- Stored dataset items
-.-.-

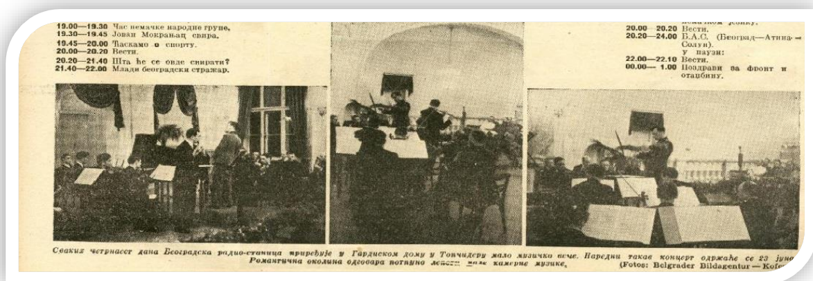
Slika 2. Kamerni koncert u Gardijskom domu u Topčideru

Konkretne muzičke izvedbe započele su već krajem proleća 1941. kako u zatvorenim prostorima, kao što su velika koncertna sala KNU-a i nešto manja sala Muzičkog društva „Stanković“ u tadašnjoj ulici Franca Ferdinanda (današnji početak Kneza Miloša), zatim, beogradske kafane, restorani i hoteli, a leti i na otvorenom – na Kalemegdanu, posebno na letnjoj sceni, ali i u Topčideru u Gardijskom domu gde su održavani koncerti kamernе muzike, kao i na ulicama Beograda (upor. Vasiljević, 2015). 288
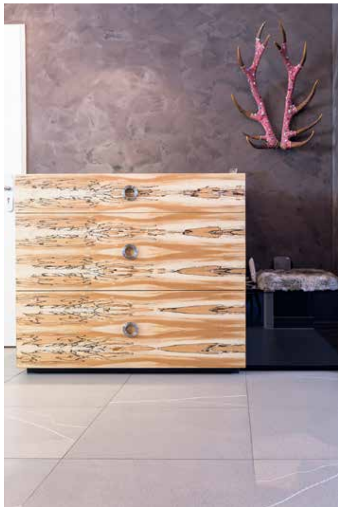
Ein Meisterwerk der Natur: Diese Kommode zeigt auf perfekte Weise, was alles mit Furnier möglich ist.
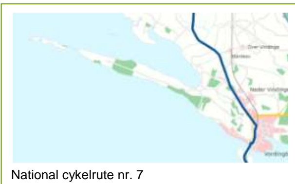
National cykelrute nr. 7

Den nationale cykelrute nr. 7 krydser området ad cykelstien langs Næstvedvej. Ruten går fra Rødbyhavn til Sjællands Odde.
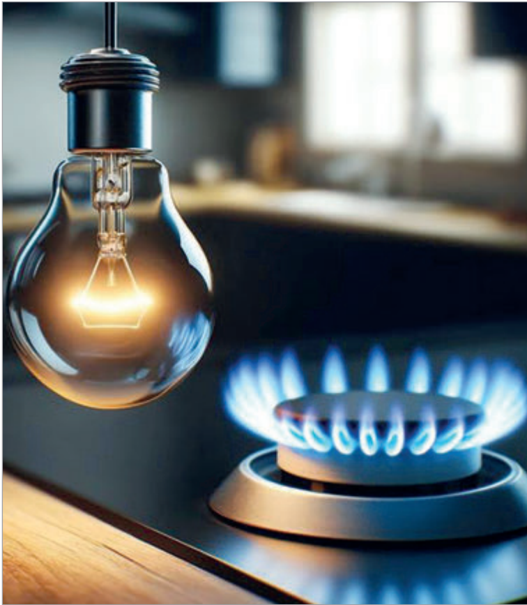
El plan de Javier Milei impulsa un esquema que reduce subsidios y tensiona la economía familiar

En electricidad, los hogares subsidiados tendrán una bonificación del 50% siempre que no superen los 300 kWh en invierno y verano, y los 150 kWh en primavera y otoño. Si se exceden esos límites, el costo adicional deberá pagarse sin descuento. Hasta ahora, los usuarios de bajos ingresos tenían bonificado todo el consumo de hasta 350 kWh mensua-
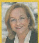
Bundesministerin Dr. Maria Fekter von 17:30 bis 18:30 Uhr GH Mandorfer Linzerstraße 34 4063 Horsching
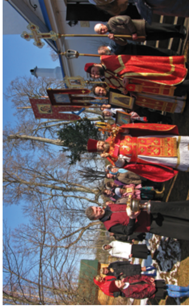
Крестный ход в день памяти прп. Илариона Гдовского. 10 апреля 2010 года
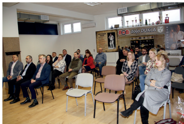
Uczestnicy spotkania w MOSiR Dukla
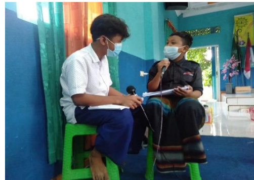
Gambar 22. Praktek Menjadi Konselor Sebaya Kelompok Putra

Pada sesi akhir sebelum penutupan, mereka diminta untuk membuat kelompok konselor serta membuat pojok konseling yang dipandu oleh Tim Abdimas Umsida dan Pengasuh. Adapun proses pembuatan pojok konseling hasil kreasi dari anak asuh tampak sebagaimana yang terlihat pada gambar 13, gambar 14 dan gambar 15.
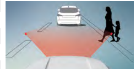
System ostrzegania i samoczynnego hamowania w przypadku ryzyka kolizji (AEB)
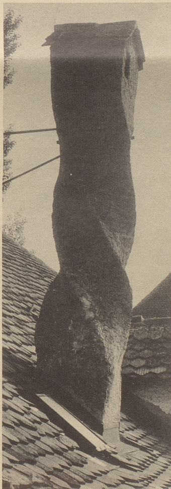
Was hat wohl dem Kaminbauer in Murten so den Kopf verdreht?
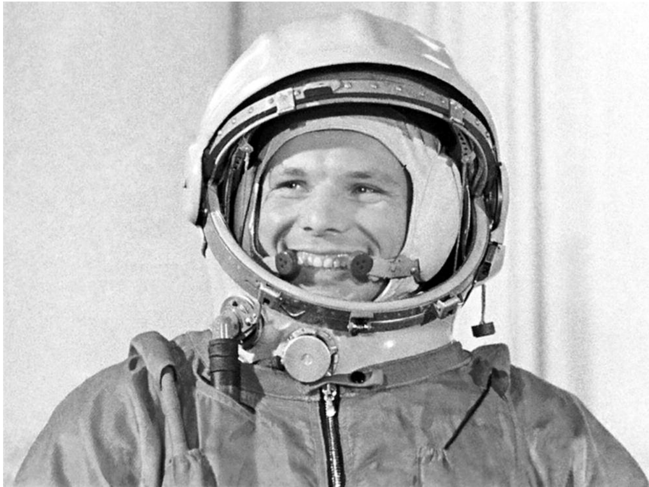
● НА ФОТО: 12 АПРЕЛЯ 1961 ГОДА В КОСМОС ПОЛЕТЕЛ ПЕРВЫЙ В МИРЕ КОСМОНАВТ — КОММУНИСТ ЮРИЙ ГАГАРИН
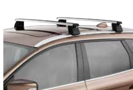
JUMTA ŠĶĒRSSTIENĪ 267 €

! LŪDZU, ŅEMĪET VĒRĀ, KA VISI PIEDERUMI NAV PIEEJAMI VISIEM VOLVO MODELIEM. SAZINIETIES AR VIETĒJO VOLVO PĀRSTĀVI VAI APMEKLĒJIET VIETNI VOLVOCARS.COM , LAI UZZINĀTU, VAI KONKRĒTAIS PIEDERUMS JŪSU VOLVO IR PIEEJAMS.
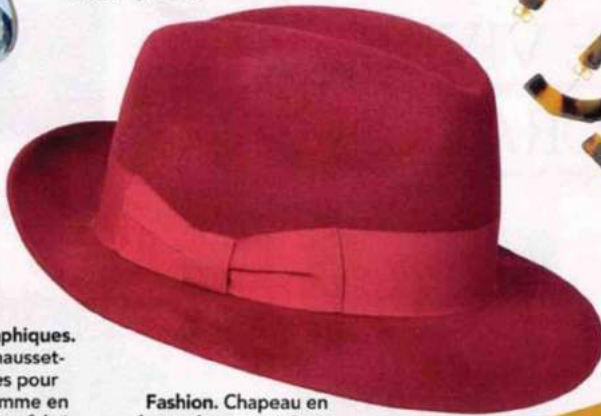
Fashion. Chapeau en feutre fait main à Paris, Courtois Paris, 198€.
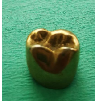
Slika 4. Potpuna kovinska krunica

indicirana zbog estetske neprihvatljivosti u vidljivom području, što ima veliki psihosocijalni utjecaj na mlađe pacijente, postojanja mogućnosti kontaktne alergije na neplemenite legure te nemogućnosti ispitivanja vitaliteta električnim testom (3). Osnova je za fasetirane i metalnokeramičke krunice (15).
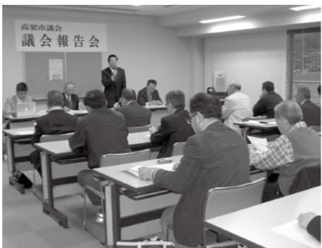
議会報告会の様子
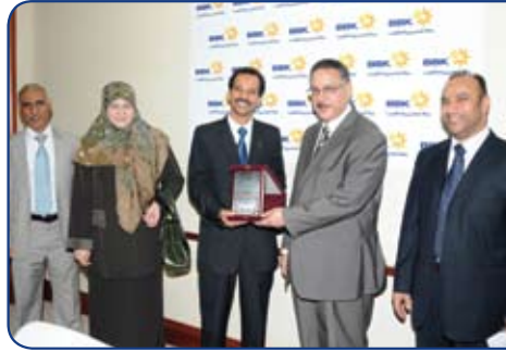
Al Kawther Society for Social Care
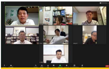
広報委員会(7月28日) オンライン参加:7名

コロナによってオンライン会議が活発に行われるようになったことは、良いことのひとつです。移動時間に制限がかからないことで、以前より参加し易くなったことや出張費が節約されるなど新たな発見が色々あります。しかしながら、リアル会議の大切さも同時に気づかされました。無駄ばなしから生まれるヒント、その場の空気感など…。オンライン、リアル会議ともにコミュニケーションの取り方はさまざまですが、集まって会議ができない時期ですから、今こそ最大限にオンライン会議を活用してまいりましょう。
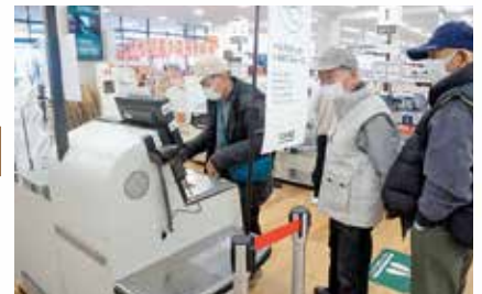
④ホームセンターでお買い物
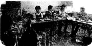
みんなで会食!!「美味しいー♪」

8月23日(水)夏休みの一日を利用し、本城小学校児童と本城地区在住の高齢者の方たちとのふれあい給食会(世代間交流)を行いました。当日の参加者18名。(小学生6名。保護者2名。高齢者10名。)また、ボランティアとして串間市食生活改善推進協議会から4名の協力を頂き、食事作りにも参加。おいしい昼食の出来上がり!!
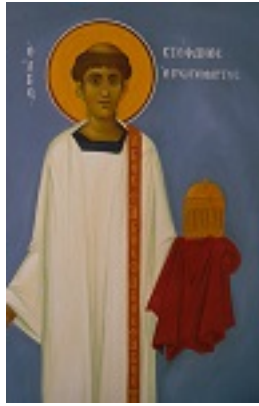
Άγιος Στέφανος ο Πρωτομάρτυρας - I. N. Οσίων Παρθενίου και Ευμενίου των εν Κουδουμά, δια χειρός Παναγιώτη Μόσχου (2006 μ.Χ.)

-.-.-

Output all of the data above exactly; no pictures should appear.

Slika 2. Kamerni koncert u Gardijskom domu u Topčideru

Konkretne muzičke izvedbe započele su već krajem proleća 1941. kako u zatvorenim prostorima, kao što su velika koncertna sala KNU-a i nešto manja sala Muzičkog društva „Stanković“ u tadašnjoj ulici Franca Ferdinanda (današnji početak Kneza Miloša), zatim, beogradske kafane, restorani i hoteli, a leti i na otvorenom – na Kalemegdanu, posebno na letnjoj sceni, ali i u Topčideru u Gardijskom domu gde su održavani koncerti kamernе muzike, kao i na ulicama Beograda (upor. Vasiljević, 2015). 288
Ein Meisterwerk der Natur: Diese Kommode zeigt auf perfekte Weise, was alles mit Furnier möglich ist.
National cykelrute nr. 7

Den nationale cykelrute nr. 7 krydser området ad cykelstien langs Næstvedvej. Ruten går fra Rødbyhavn til Sjællands Odde.
El plan de Javier Milei impulsa un esquema que reduce subsidios y tensiona la economía familiar

En electricidad, los hogares subsidiados tendrán una bonificación del 50% siempre que no superen los 300 kWh en invierno y verano, y los 150 kWh en primavera y otoño. Si se exceden esos límites, el costo adicional deberá pagarse sin descuento. Hasta ahora, los usuarios de bajos ingresos tenían bonificado todo el consumo de hasta 350 kWh mensua-
Bundesministerin Dr. Maria Fekter von 17:30 bis 18:30 Uhr GH Mandorfer Linzerstraße 34 4063 Horsching
Крестный ход в день памяти прп. Илариона Гдовского. 10 апреля 2010 года
Uczestnicy spotkania w MOSiR Dukla
Gambar 22. Praktek Menjadi Konselor Sebaya Kelompok Putra

Pada sesi akhir sebelum penutupan, mereka diminta untuk membuat kelompok konselor serta membuat pojok konseling yang dipandu oleh Tim Abdimas Umsida dan Pengasuh. Adapun proses pembuatan pojok konseling hasil kreasi dari anak asuh tampak sebagaimana yang terlihat pada gambar 13, gambar 14 dan gambar 15.
System ostrzegania i samoczynnego hamowania w przypadku ryzyka kolizji (AEB)
Was hat wohl dem Kaminbauer in Murten so den Kopf verdreht?
● НА ФОТО: 12 АПРЕЛЯ 1961 ГОДА В КОСМОС ПОЛЕТЕЛ ПЕРВЫЙ В МИРЕ КОСМОНАВТ — КОММУНИСТ ЮРИЙ ГАГАРИН
JUMTA ŠĶĒRSSTIENĪ 267 €

! LŪDZU, ŅEMĪET VĒRĀ, KA VISI PIEDERUMI NAV PIEEJAMI VISIEM VOLVO MODELIEM. SAZINIETIES AR VIETĒJO VOLVO PĀRSTĀVI VAI APMEKLĒJIET VIETNI VOLVOCARS.COM , LAI UZZINĀTU, VAI KONKRĒTAIS PIEDERUMS JŪSU VOLVO IR PIEEJAMS.
Fashion. Chapeau en feutre fait main à Paris, Courtois Paris, 198€.
Slika 4. Potpuna kovinska krunica

indicirana zbog estetske neprihvatljivosti u vidljivom području, što ima veliki psihosocijalni utjecaj na mlađe pacijente, postojanja mogućnosti kontaktne alergije na neplemenite legure te nemogućnosti ispitivanja vitaliteta električnim testom (3). Osnova je za fasetirane i metalnokeramičke krunice (15).
議会報告会の様子
Al Kawther Society for Social Care
広報委員会(7月28日) オンライン参加:7名

コロナによってオンライン会議が活発に行われるようになったことは、良いことのひとつです。移動時間に制限がかからないことで、以前より参加し易くなったことや出張費が節約されるなど新たな発見が色々あります。しかしながら、リアル会議の大切さも同時に気づかされました。無駄ばなしから生まれるヒント、その場の空気感など…。オンライン、リアル会議ともにコミュニケーションの取り方はさまざまですが、集まって会議ができない時期ですから、今こそ最大限にオンライン会議を活用してまいりましょう。
④ホームセンターでお買い物
みんなで会食!!「美味しいー♪」

8月23日(水)夏休みの一日を利用し、本城小学校児童と本城地区在住の高齢者の方たちとのふれあい給食会(世代間交流)を行いました。当日の参加者18名。(小学生6名。保護者2名。高齢者10名。)また、ボランティアとして串間市食生活改善推進協議会から4名の協力を頂き、食事作りにも参加。おいしい昼食の出来上がり!!
Άγιος Στέφανος ο Πρωτομάρτυρας - I. N. Οσίων Παρθενίου και Ευμενίου των εν Κουδουμά, δια χειρός Παναγιώτη Μόσχου (2006 μ.Χ.)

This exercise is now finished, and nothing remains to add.